[TASK DETAILS] A faithful, complete transcription of the listing is required.

[Opening LISTED ENTRIES section]

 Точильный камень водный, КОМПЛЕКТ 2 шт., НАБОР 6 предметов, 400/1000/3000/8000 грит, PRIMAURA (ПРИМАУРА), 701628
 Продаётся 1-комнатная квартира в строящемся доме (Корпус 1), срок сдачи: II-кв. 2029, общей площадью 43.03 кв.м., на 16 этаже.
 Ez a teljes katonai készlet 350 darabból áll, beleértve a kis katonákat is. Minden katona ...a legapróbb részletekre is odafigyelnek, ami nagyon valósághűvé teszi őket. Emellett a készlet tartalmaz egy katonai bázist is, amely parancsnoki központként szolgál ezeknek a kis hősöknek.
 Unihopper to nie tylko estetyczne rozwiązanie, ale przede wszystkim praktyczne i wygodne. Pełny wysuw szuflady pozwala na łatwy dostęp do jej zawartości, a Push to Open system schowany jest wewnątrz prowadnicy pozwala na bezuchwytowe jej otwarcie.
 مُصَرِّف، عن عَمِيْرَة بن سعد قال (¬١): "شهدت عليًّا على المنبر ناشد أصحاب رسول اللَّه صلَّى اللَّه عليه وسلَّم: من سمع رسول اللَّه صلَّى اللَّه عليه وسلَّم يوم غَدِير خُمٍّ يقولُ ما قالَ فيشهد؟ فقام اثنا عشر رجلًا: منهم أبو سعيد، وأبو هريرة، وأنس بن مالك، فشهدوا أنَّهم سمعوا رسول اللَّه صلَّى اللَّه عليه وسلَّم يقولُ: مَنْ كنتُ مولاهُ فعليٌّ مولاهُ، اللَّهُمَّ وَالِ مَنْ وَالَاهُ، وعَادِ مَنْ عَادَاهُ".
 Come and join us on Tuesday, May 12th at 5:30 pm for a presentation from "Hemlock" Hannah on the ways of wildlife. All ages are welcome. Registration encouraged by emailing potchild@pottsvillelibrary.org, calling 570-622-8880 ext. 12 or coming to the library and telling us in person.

[Closing LISTED ENTRIES section]

[RESULT OF THE TASK]
 Точильный камень водный, КОМПЛЕКТ 2 шт., НАБОР 6 предметов, 400/1000/3000/8000 грит, PRIMAURA (ПРИМАУРА), 701628
 Продаётся 1-комнатная квартира в строящемся доме (Корпус 1), срок сдачи: II-кв. 2029, общей площадью 43.03 кв.м., на 16 этаже.
 Ez a teljes katonai készlet 350 darabból áll, beleértve a kis katonákat is. Minden katona ...a legapróbb részletekre is odafigyelnek, ami nagyon valósághűvé teszi őket. Emellett a készlet tartalmaz egy katonai bázist is, amely parancsnoki központként szolgál ezeknek a kis hősöknek.
 Unihopper to nie tylko estetyczne rozwiązanie, ale przede wszystkim praktyczne i wygodne. Pełny wysuw szuflady pozwala na łatwy dostęp do jej zawartości, a Push to Open system schowany jest wewnątrz prowadnicy pozwala na bezuchwytowe jej otwarcie.
 مُصَرِّف، عن عَمِيْرَة بن سعد قال (¬١): "شهدت عليًّا على المنبر ناشد أصحاب رسول اللَّه صلَّى اللَّه عليه وسلَّم: من سمع رسول اللَّه صلَّى اللَّه عليه وسلَّم يوم غَدِير خُمٍّ يقولُ ما قالَ فيشهد؟ فقام اثنا عشر رجلًا: منهم أبو سعيد، وأبو هريرة، وأنس بن مالك، فشهدوا أنَّهم سمعوا رسول اللَّه صلَّى اللَّه عليه وسلَّم يقولُ: مَنْ كنتُ مولاهُ فعليٌّ مولاهُ، اللَّهُمَّ وَالِ مَنْ وَالَاهُ، وعَادِ مَنْ عَادَاهُ".
 Come and join us on Tuesday, May 12th at 5:30 pm for a presentation from "Hemlock" Hannah on the ways of wildlife. All ages are welcome. Registration encouraged by emailing potchild@pottsvillelibrary.org, calling 570-622-8880 ext. 12 or coming to the library and telling us in person.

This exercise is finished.